Tuberculosis Progression Does Not Necessarily Equate with a Failure of Immune Control

Abstract

Despite the obvious impact of tuberculosis on global health, there is currently no effective vaccine and there is increasing resistance against established front-line drug regiments. Our current understanding of disease progression in tuberculosis is shaped by data collected from the failure of immune control. We feel that this represents a biased approach, which constrains our capacity to understand both disease control and progression. In this opinion piece, we re-examine these questions in the context of recently published data from fluorescent bacterial reporter strains and the analysis of the different macrophage lineages present at sites of infection. We believe that this analysis provides alternative models for disease progression, which are not addressed through current vaccine or immune-therapeutic strategies.

1. Introduction.

Tuberculosis is an ancient disease caused by Mycobacterium tuberculosis (Mtb) that has co-evolved with its human host since before man emerged from Africa [1,2] Ancestral strains are thought to be represented by several of the current Mtb complex strains still found in Central and West Africa, such as M. africanum. For a large part of our evolution, we have existed as small hunter/gatherer groups and it is surmised that Mtb, as an inducer of a chronic sustained infection, would have evolved to be capable of infecting many members of a group yet only generating disease in a limited set of individuals at any given time. In this way, a human-specific pathogen lacking an animal reservoir could expand and be maintained in small population units in a relatively balanced state. However, this is not a progression to symbiosis. In order to transmit and complete its life cycle, Mtb has to make its host sick [3]. Active tuberculosis is the completion of the pathogen’s life cycle. It is extremely efficient and in most individuals in the absence of treatment, it is ultimately fatal. Mtb, like all organisms on the planet, is driven by the “selfish gene” principle and if damaging its host comes with increased fecundity, that is the direction in which it will be selected.

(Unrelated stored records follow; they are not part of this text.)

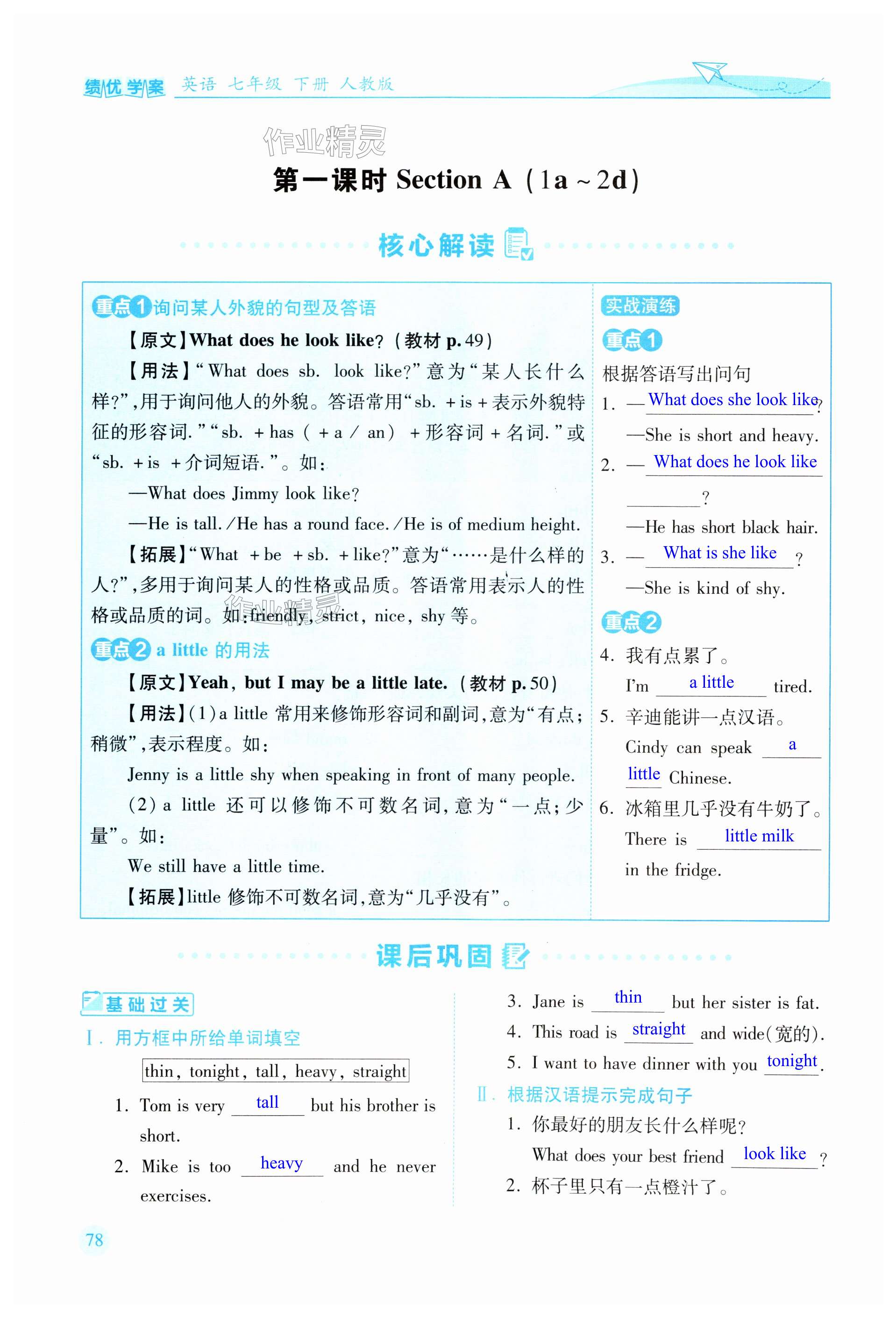 注:目前有些书本章节名称可能整理的还不是很完善,但都是按照顺序排列的,请同学们按照顺序仔细查找。练习册 2024年绩优学案七年级英语下册人教版 答案主要是用来给同学们做完题方便对答案用的,请勿直接抄袭。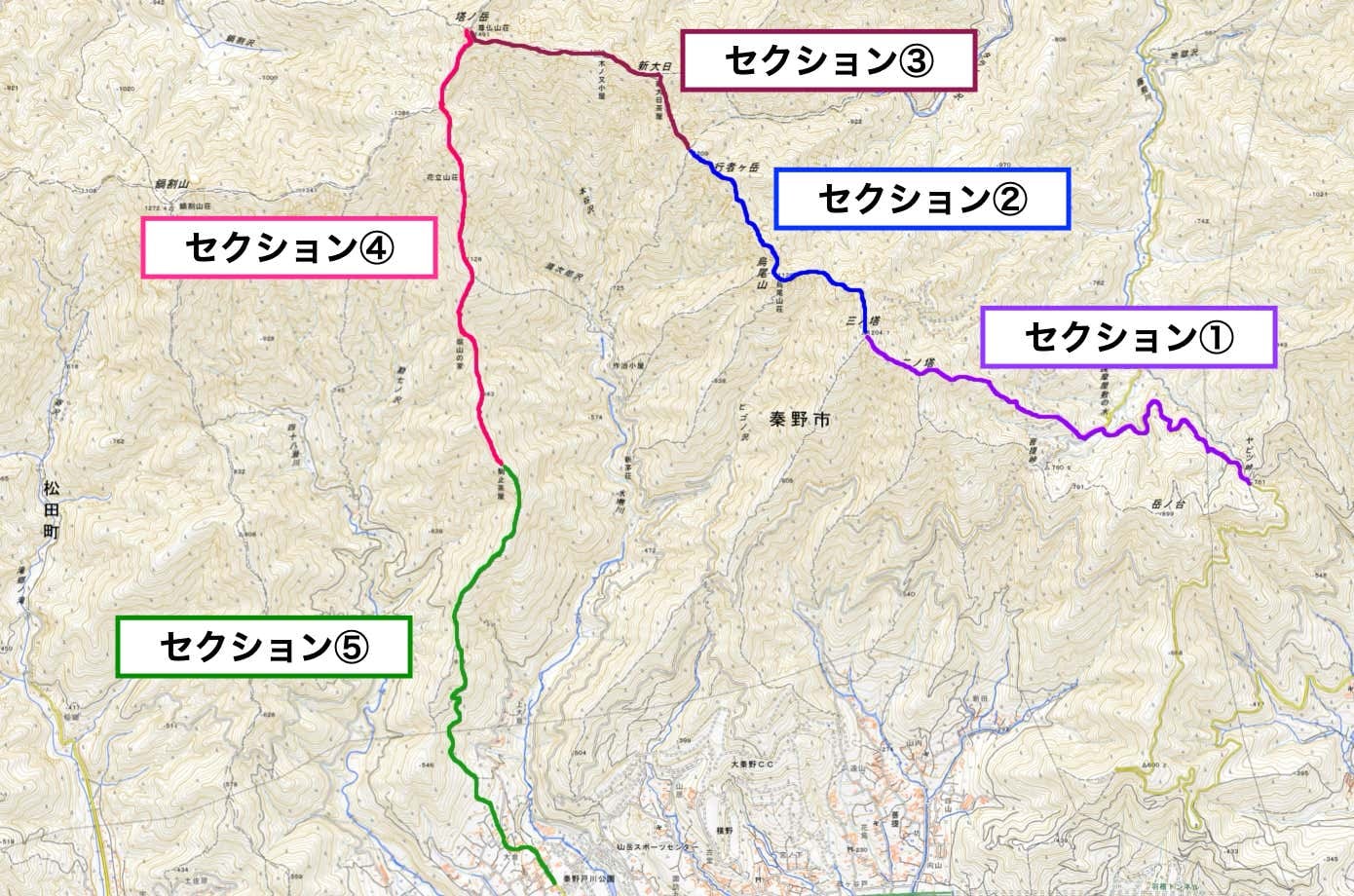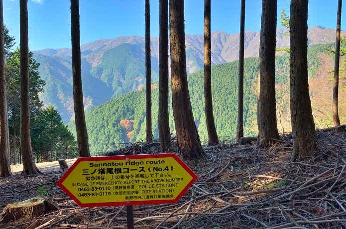 セクション①のゴールである三ノ塔からは、距離が長いものの歩きやすい樹林帯を下る三ノ塔尾根コースで大倉へと下山可能。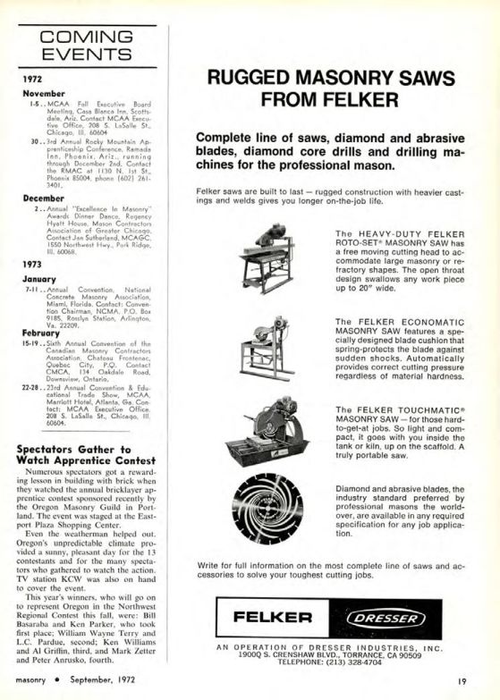 The FELKER TOUCHMATIC MASONRY SAW-for those hard-to-get-at jobs. So light and compact, it goes with you inside the tank or kiln, up on the scaffold. A truly portable saw.

2. To Progress or Not to Progress

Thus, what determines the transition from a chronic to an active state of infection? It is estimated that approximately 23% of the world’s population is infected with Mtb, but the majority harbor the pathogen in a non-active disease state, which is known as latent tuberculosis infections (LTBI) [4]. There is debate about the average duration of latency and the relative frequency of reactivation of latent disease versus re-infection of individuals [5]. In areas of high transmission density, it would appear that the latter is much more common than we have appreciated previously [6].

The ability to assess the difference between reactivation versus re-infection is critical for biomarker studies that seek to identify immune correlates with the capacity to predict disease progression within a population. Unfortunately, most of these studies have been conducted in South Africa because of its high disease burden and patient accessibility and its developed clinical research capacity. However, it is challenging to conduct such studies in this population because the high transmission pressure in many South African communities will lead to re-infection that will misinform attempts to identify predictive correlates of immune status.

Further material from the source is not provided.